You can use the following options to customize the results of your test comparison:

  • --baseline: The baseline TestExecution ID used to compare the contender TestExecution.
  • --contender: The TestExecution ID for the contender being compared to the baseline.

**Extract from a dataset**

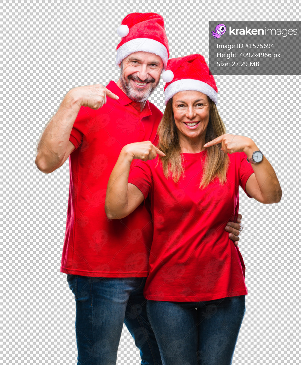 Middle age hispanic couple wearing christmas hat over isolated background looking confident with smile on face, pointing oneself with fingers proud and happy. - Kraken Images

  • --results-format: Defines the output format for the command line results, either markdown or csv. Default is markdown.
  • --results-number-align: Defines the column number alignment for when the compare command outputs results. Default is right.
  • --results-file: When provided a file path, writes the compare results to the file indicated in the path.
  • --show-in-results: Determines whether or not to include the comparison in the results file.